Items from a data source:
-- -- --

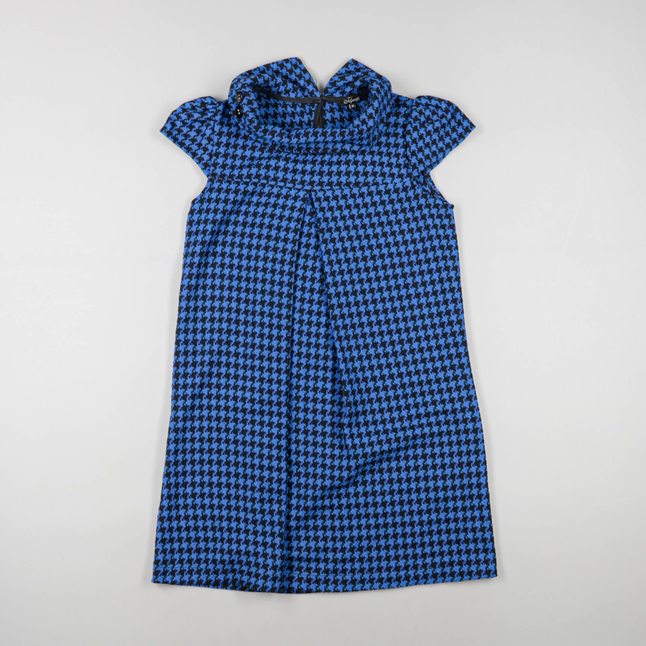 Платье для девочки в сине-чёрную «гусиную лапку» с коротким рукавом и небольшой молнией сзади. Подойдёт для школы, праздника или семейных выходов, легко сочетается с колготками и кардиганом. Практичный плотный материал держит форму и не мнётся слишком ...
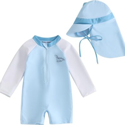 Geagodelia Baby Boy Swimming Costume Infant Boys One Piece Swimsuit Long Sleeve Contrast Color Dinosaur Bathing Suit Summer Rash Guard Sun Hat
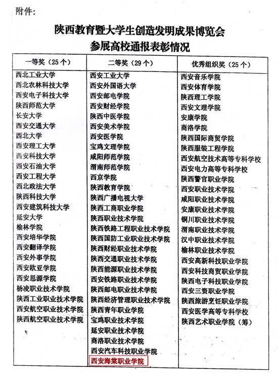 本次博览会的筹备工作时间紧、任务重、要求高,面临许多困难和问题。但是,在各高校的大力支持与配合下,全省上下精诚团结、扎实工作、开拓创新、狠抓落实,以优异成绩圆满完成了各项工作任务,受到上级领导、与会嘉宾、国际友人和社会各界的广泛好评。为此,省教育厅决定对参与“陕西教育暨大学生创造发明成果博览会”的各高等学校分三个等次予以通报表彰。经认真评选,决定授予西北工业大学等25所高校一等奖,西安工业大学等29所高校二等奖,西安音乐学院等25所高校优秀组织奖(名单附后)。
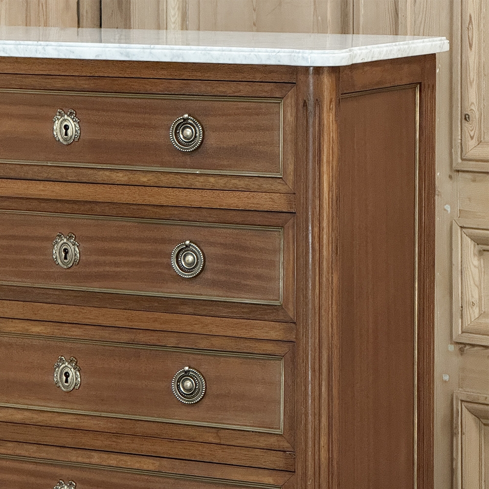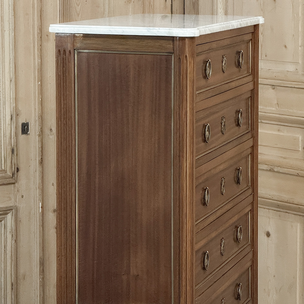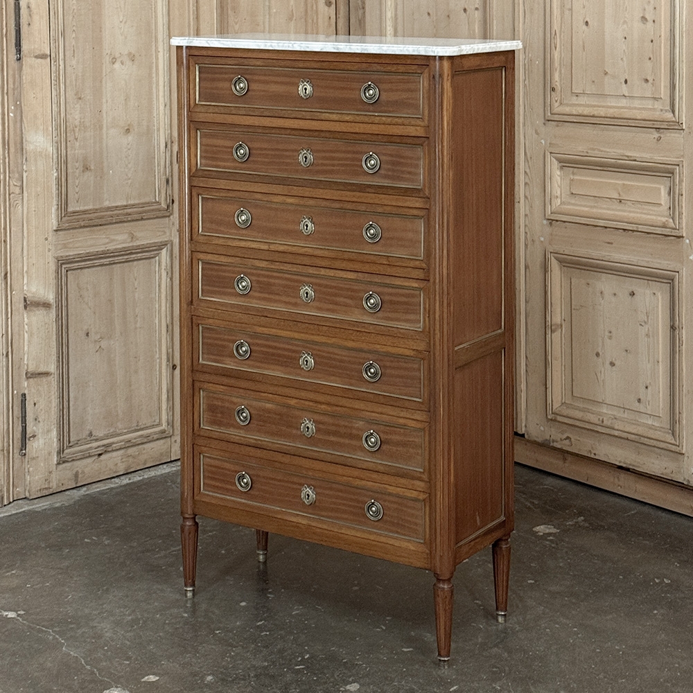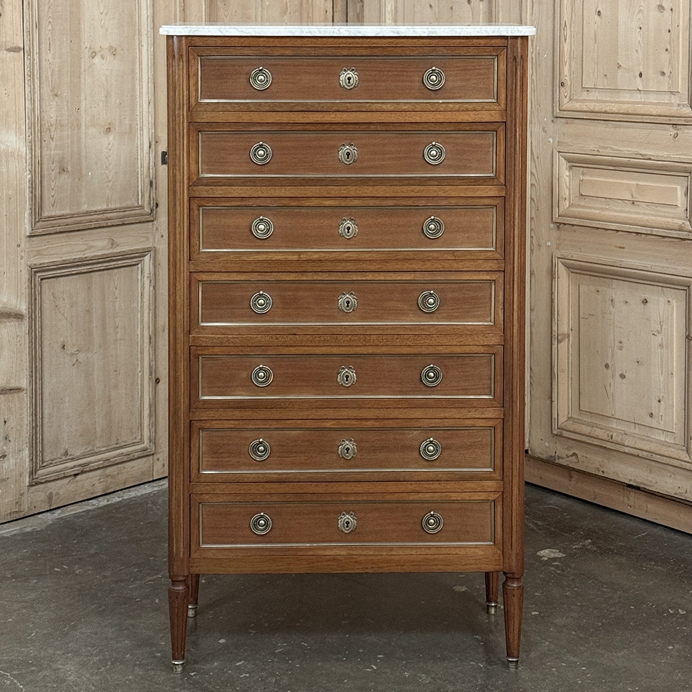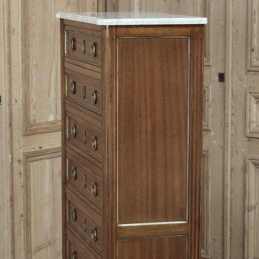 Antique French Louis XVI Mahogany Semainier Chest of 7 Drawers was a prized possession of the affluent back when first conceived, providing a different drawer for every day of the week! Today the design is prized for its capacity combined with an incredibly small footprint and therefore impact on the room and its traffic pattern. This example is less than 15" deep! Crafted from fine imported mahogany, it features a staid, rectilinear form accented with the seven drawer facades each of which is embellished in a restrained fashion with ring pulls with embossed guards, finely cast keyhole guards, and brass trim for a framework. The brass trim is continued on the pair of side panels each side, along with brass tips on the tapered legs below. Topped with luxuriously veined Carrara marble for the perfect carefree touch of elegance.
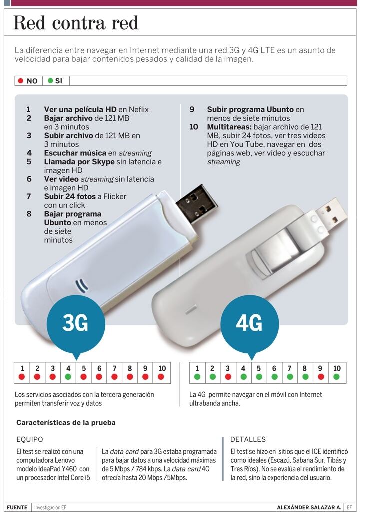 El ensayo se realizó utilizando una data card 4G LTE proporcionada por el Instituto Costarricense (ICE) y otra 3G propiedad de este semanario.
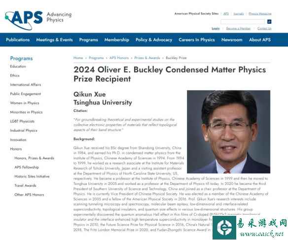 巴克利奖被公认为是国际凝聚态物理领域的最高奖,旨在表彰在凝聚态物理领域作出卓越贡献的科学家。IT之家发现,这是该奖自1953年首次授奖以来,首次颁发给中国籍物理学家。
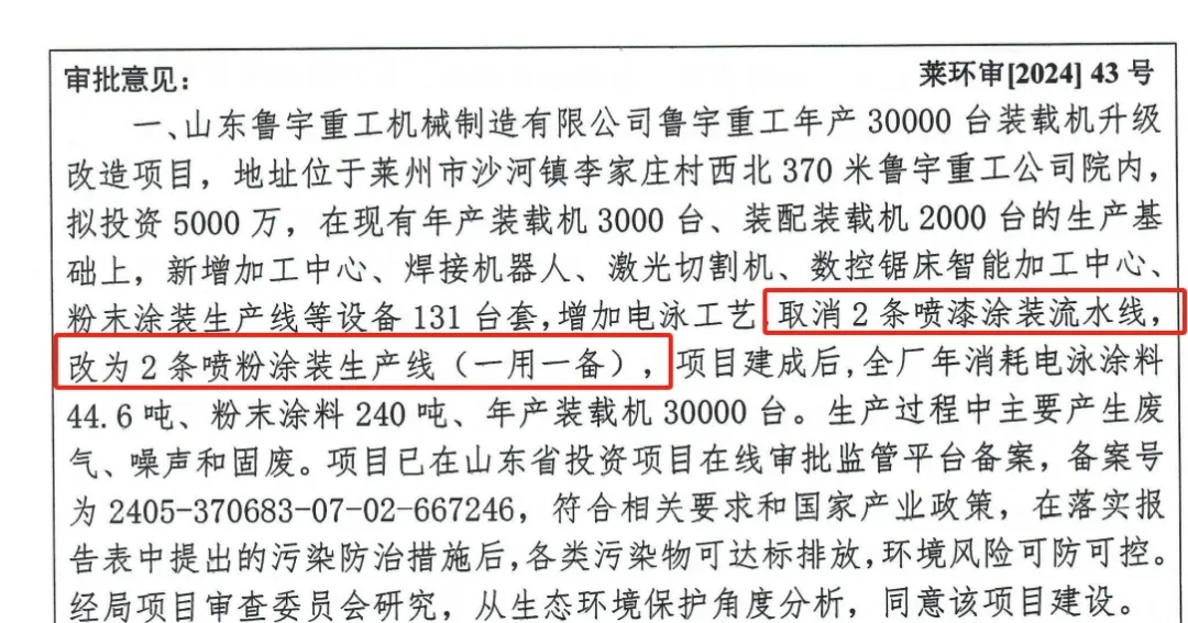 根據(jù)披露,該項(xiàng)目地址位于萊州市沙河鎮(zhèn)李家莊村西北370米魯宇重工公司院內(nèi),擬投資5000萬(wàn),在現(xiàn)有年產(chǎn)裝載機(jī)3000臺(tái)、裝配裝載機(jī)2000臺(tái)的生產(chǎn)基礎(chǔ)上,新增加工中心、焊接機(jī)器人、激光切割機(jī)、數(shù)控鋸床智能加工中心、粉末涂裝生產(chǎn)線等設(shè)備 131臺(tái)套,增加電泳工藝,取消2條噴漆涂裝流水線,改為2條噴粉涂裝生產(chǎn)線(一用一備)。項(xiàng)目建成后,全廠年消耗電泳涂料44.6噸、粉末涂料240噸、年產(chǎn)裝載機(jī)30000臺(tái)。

-- -- --

Set the lines above down again, word for word, from the first through the one containing "Geagodelia Baby Boy"; pictures excluded.

 Платье для девочки в сине-чёрную «гусиную лапку» с коротким рукавом и небольшой молнией сзади. Подойдёт для школы, праздника или семейных выходов, легко сочетается с колготками и кардиганом. Практичный плотный материал держит форму и не мнётся слишком ...
 Geagodelia Baby Boy Swimming Costume Infant Boys One Piece Swimsuit Long Sleeve Contrast Color Dinosaur Bathing Suit Summer Rash Guard Sun Hat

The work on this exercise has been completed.